At first, it was released in only 70 exemplars, but it quickly became a success: selling over 5,000 copies and translated into multiple languages. Then came the controversy. Critics felt deceived when they discovered it had been written with AI. Some reviewers even accused Colamedici of “cheating” the literary world; El País initially reviewed the book positively, only to retract their article once the AI involvement was revealed. 

But here’s the nuance many missed: Ipnocrazia was written with AI, not by AI. There’s a huge difference. Writing a book through AI isn’t just about feeding prompts and waiting for magic. It’s a slow, iterative process. Colamedici didn’t just copy-paste chatbot text: he steered the conversation, refined the language, added philosophical structure, and elevated the raw output into something that could stand as a serious work of thought. Without his guidance, editing, and intellectual framework, the manuscript would have been meaningless. 

What makes Ipnocrazia so intriguing is exactly this tension: it’s not “pure” AI work, nor is it a traditional book. It’s a hybrid experiment, showing what happens when human creativity collaborates with a machine. And maybe that’s the uncomfortable truth we’re all grappling with: AI can impress us, even inspire us, but it still depends on the human mind to give it direction and meaning. 

So maybe the real question isn’t how far AI can go, but how far we let it go. Where do we decide to stop? Where do we draw the line? 

AI enhances, not replaces, human work: a creative partner 

Beyond the ethical concerns, one truth stands out: the human element remains irreplaceable. As Tim Soulo, CMO of Ahrefs, puts it: “It’s your knowledge and unique ideas that make your content useful and interesting. Everything else is secondary.” 

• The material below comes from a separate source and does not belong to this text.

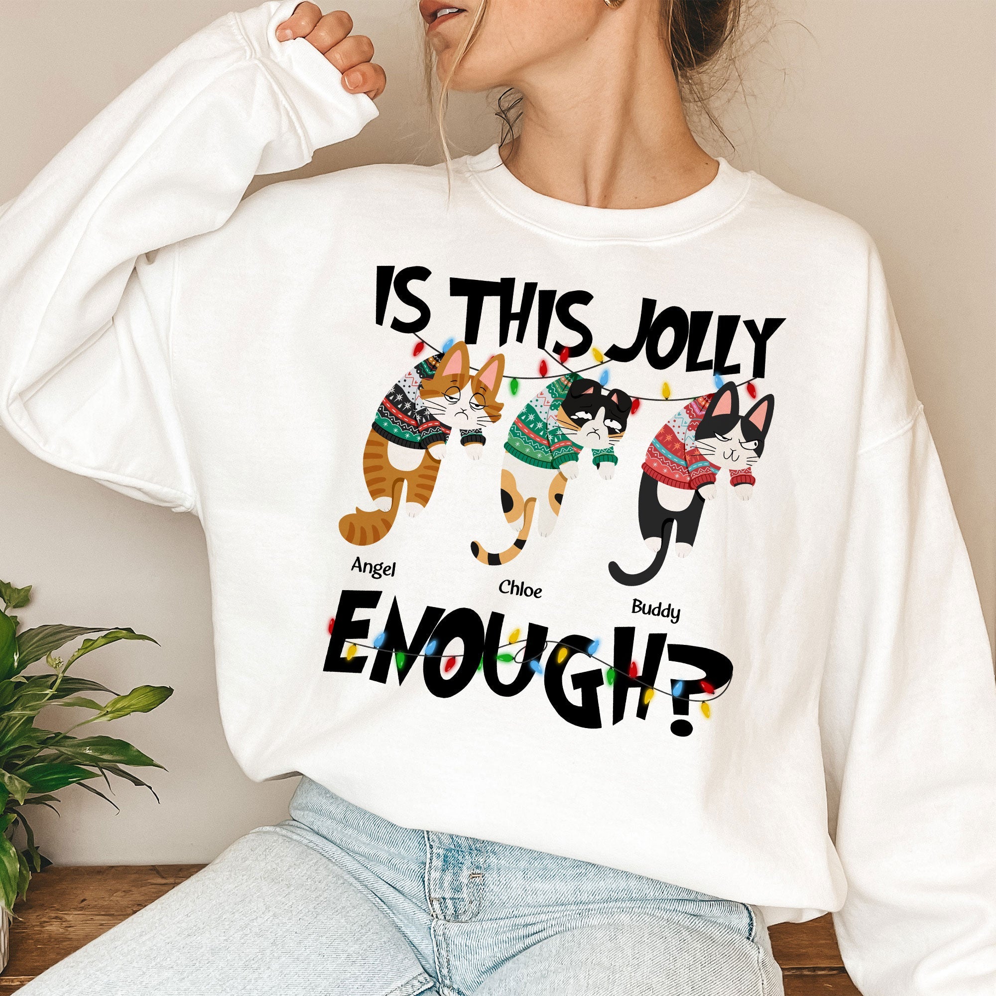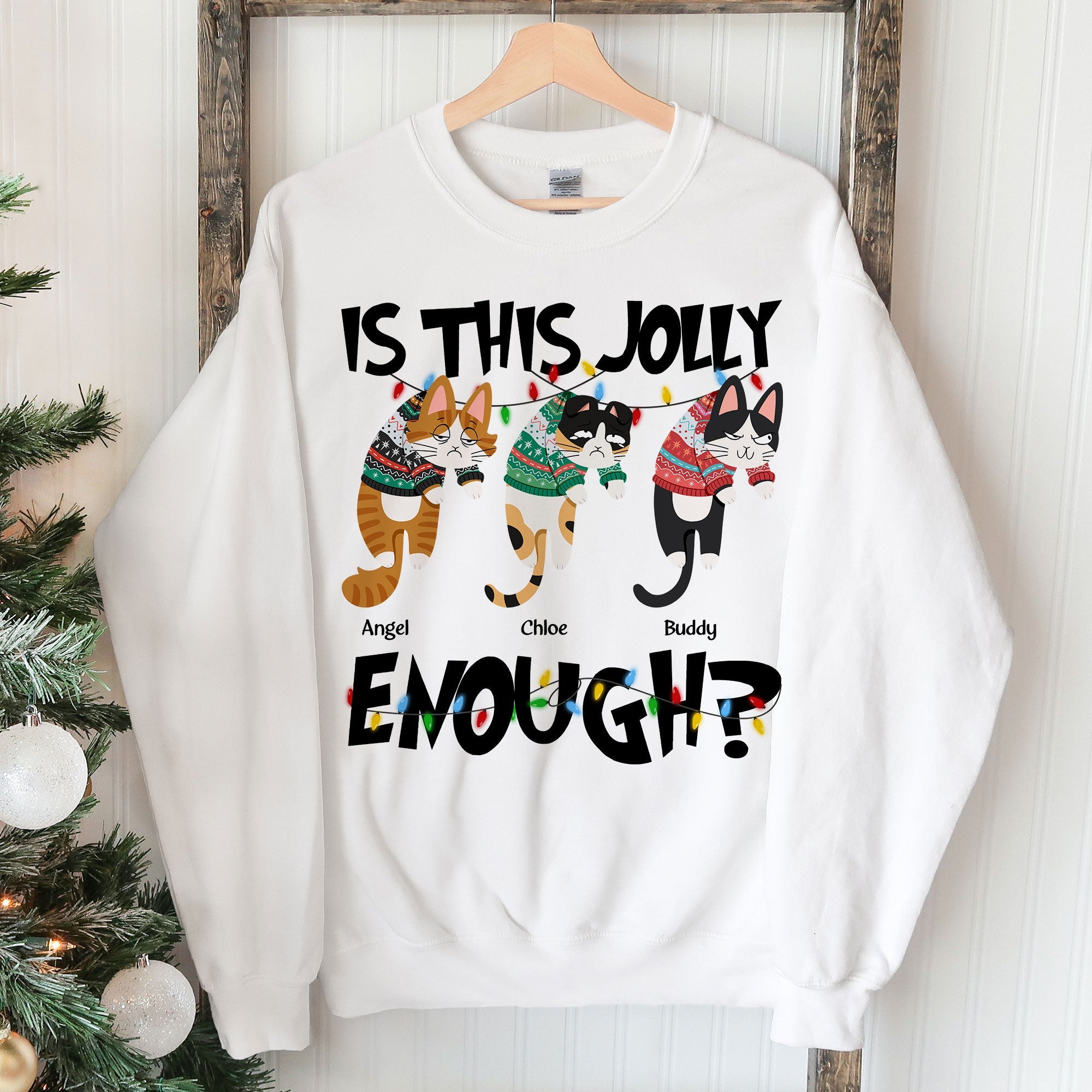 Is This Jolly Enough – Hanging Cat – Personalized Sweatshirt

From philosophical / social experiments to marketing and communications, the lesson is the same: text produced solely by AI falls short. Human intervention is essential. Yes, AI-generated content is becoming more polished, but search engines like Google are constantly refining their algorithms to detect and prioritise human-driven work. Why? Because AI often misses the details (and we all know how important they are), the cultural context, and the emotional nuance that define truly great writing. 

A forward-thinking copywriter should ask,
“How can I improve with AI?” rather than “Can AI replace me?” 

My final 2 cents on the topic. 

AI is moving faster than we can fully process. It’s powerful, and it’s here to stay. But it isn’t the protagonist of this story – we are. Used well, AI can amplify creativity, speed up the boring stuff, and free us to focus on what really matters. But it can’t replicate the spark that makes content truly resonate: our curiosity, our imagination, and our ability to connect with other human beings. 

So, before you slash your marketing budget and hand the keys to automation, remember this: content is still king. And the best content doesn’t come from an algorithm. It comes from people – thinking, questioning, creating, and daring to tell stories that matter.